Le cloporte a fait partie de cette communauté d'immigrés aux bas salaires, parlant peu le langage local. Elle a connu cette situation un peu absurde, un peu étrange où cinq étrangers possédant chacun son dialecte et ne bafouillant que bien mal le jeffersonnien, discutent de leurs situations, sur la patte unique de leur baragouinage obscure, avec néanmoins l'animation d'une vraie conversation. Et quand un local, un supérieur qui plus est, seul possesseur du dit-langage, s'avance vers le groupe, Gipsy de le héler : « Nil, on parle de toi ! On dit qu'on ne comprend rien quand tu parles ! » et le groupe d'approuver et de rire.
L'animal, renonçant après maintes efforts à trouver un quelconque plaisir dans le divertissement nocturne commun, s'est égarée plus loin, aux alentours d'une caverne à grognements et barrissements. Elle y a fait la connaissance rapide d'un joueur de feu qui l'a conviée à quelques spectacles de sa troupe en dehors de la ville, invitation à laquelle elle a naturellement répondu. Ainsi donc elle a enfin touché la mer.
Ainsi l'animal découvre le bruissement du feu sur ses tympans et l'extase de la danse incandescente. Trop tard. Juste deux maigres jours avant de repartir.

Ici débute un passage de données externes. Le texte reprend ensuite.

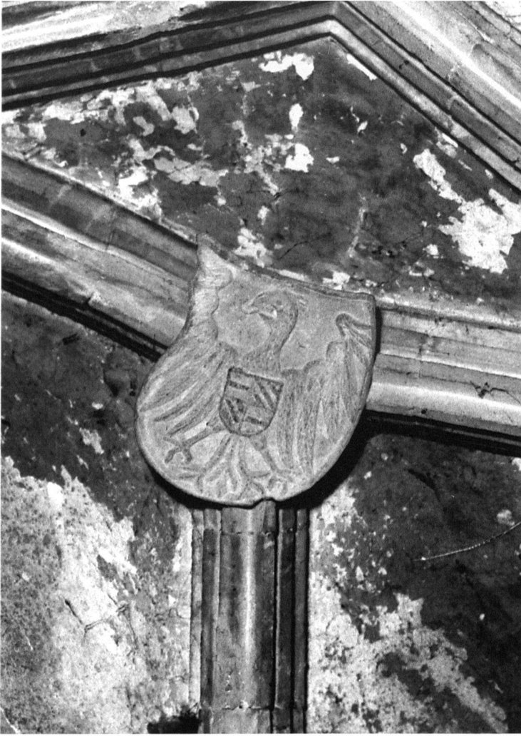
8 Vieux-Thann, Église Saint-Dominique, saint sépulcre. – Armoiries de Maximilien I er sur la voûte du saint sépulcre: l'aigle monocéphale peut être identifiée (en l'absence de polychromie), soit comme l'aigle du comté du Tyrol dont Maximilien devient détenteur en avril 1490, soit comme celle du royaume de Germanie, dont Maximilien est roi entre 1486 et 1493. Le blason en abîme est écartelé aux armes d'Autriche et de Bourgogne.

gogne. La présence bourguignonne est visible à Thann depuis le début du XV e siècle 15 , elle se manifeste notamment dans le chœur de la collégiale Saint-Thiébaud.
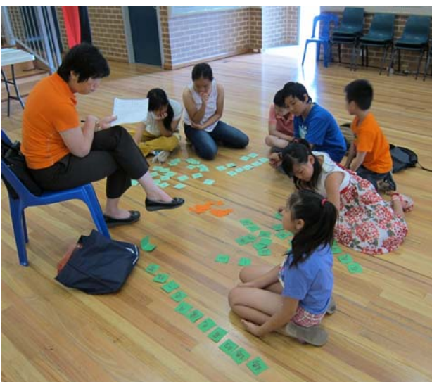
人二年級的同學們找字來造句

各班的活動難度是依照學生的年級和程度來設計，從認識生字到造字、造詞，甚至考學生們的造句能力。
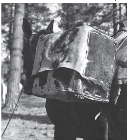
Caballo equipado con alforja de piel vaquera, preparado para viaje a la sierra de San Pedro Mártir.
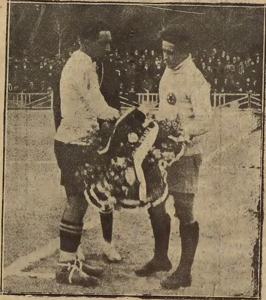
DEL PARTIDO DE FUTBOL DE ANTEAYER.—LOS CAPITANES DEL SPARTA, DE PRAGA, Y DEL REAL ZARAGOZA C. D., CAMBIANDO LOS RAMOS ANTES DE COMENZAR EL PARTIDO
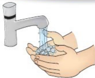
Higienização das mãos
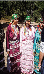
Resim 29: Tahtacı Türkmenleri (Çanakkale Ayvacık-Çiftlik Köyü)
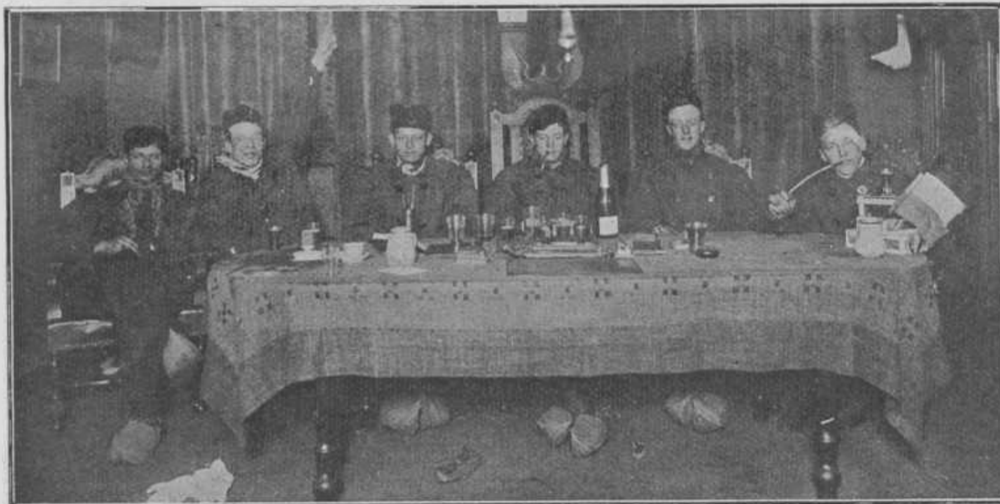
Bestuur der Societeit Phoenix.

Gecostumeerde Kroegjool op Maandag 3 Mei 1909.
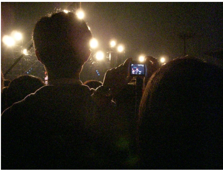
五月天演唱會的歌迷用相機攝影。

年終將近，演唱會一場接著一場，不僅替跨年晚會先暖了身，更是趕走了不景氣的憂鬱氣氛。12月13號中山足球場，是五月天巡迴演唱會的第一場表演，場內歌迷一同尖叫吶喊讓現場氣氛嗨到最高點，歡騰舞動似乎驅走了冬天的寒冷。然而，歌迷手中搖擺的卻不再是螢光棒，而是手機相機的快門。當歌迷的支持只剩下鏡頭的注視，現場感動也變成了存檔紀錄時，行動科技的進步似乎正悄悄地影響了表演生態。
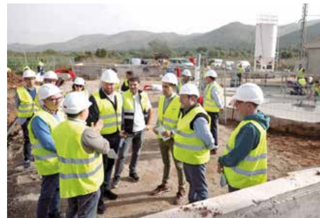
Treballs de millora de la depuració d'aigües.

El vicepresident provincial ha expressat que "garantir una bona depuració d'aigües comporta la generació de noves oportunitats per a fixar la població en el nostre territori.
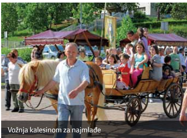
Vožnja kalesinom za najmlađe

povijesne baštine i tradicije našega kraja. Nekada se prvu nedjelju u svibnju održavao posljednji ples prije Bele nedjele, a noć prije plesa mladići su djevojci koja im se svidjela ukrasili kuću majevicom i cijelu noć čuvali kuću kako nitko ne bi majevicu skinuo s krova, prozora, dimnjaka ili stabla. Sramota je bila ako je djevojka umjesto majevice dobila broskvu, što je ujedno označavalo i da se ta djevojka zbog nekog razloga ne sviđa mladićima.

Ayant dans son inénarrable étourderie laissé filer le temps du coche commun pour retourner au centre de la cité, l'animal, faisant honneur aux tendances kamikazes ou suicidaires passives qui ont rythmé sa vie entière, a marché, deux heures durant, le long de la route où filaient les voitures, en pleine nuit. S'arrêtant même pour prendre des photos puisqu'elle y voyait ses premiers beaux paysages. Toujours vivante, notez.

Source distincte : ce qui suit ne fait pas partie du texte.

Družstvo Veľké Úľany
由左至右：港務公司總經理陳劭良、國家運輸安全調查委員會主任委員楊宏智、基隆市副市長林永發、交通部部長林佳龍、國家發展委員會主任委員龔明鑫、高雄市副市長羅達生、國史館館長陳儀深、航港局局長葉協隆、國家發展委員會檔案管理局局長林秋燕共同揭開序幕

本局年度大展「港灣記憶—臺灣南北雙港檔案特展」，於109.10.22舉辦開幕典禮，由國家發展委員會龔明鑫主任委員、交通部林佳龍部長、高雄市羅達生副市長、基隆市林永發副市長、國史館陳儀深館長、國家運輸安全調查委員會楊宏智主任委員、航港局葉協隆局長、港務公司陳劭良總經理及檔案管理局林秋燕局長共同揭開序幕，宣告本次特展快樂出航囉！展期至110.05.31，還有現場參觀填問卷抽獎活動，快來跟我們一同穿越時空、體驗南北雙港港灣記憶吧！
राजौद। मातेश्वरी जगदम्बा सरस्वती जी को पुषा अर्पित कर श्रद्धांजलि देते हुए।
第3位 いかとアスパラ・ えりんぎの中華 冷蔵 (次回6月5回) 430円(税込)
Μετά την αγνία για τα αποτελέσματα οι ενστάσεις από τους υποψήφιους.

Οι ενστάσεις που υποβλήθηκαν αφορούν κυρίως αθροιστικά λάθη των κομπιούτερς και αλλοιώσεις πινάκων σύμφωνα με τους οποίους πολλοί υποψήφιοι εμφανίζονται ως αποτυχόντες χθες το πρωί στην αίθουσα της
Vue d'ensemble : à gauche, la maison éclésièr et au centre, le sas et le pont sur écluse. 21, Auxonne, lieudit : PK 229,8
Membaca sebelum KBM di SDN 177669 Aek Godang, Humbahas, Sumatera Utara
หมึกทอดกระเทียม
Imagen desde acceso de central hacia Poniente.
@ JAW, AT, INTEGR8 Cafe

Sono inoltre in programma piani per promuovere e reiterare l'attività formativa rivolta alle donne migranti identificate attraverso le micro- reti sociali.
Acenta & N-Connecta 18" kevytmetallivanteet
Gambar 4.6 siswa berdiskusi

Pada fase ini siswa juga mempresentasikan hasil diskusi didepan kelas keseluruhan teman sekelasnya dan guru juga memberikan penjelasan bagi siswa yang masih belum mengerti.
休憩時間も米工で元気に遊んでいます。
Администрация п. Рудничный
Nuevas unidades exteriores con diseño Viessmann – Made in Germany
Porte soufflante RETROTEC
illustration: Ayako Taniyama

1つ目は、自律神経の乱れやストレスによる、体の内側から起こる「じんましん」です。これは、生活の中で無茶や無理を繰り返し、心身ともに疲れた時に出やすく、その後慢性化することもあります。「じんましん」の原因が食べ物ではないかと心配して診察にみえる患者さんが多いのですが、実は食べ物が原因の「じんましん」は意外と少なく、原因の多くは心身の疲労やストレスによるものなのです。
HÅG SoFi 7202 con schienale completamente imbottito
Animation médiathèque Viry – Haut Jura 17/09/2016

Pour résumer, l'essentiel ne fut qu'ennuie, désespérance. L'animal a somme toute réellement peu parlé, s'est senti isolé, est devenu un peu fou. L'espoir de trouver mieux ailleurs.
Hier et aujourd’hui, Salamandre422 a tout réglé, d'une main de maître.
Dans cinq heures et demi, le voyage reprend. Sans logement, sans personne, sans but. Droit vers le Sud.
Salamandre422, du chaos, du conflit, cherchant la plupart du temps à faire taire (ou peut-être parler, justement) le Darcy qui grogne en elle et lui rend la vie si ingrate, prouvera que le bonheur ne dépent pas que de l'effort, comme le répètent les beaux penseurs pour la tourmenter de complexes, mais bien aussi du contexte.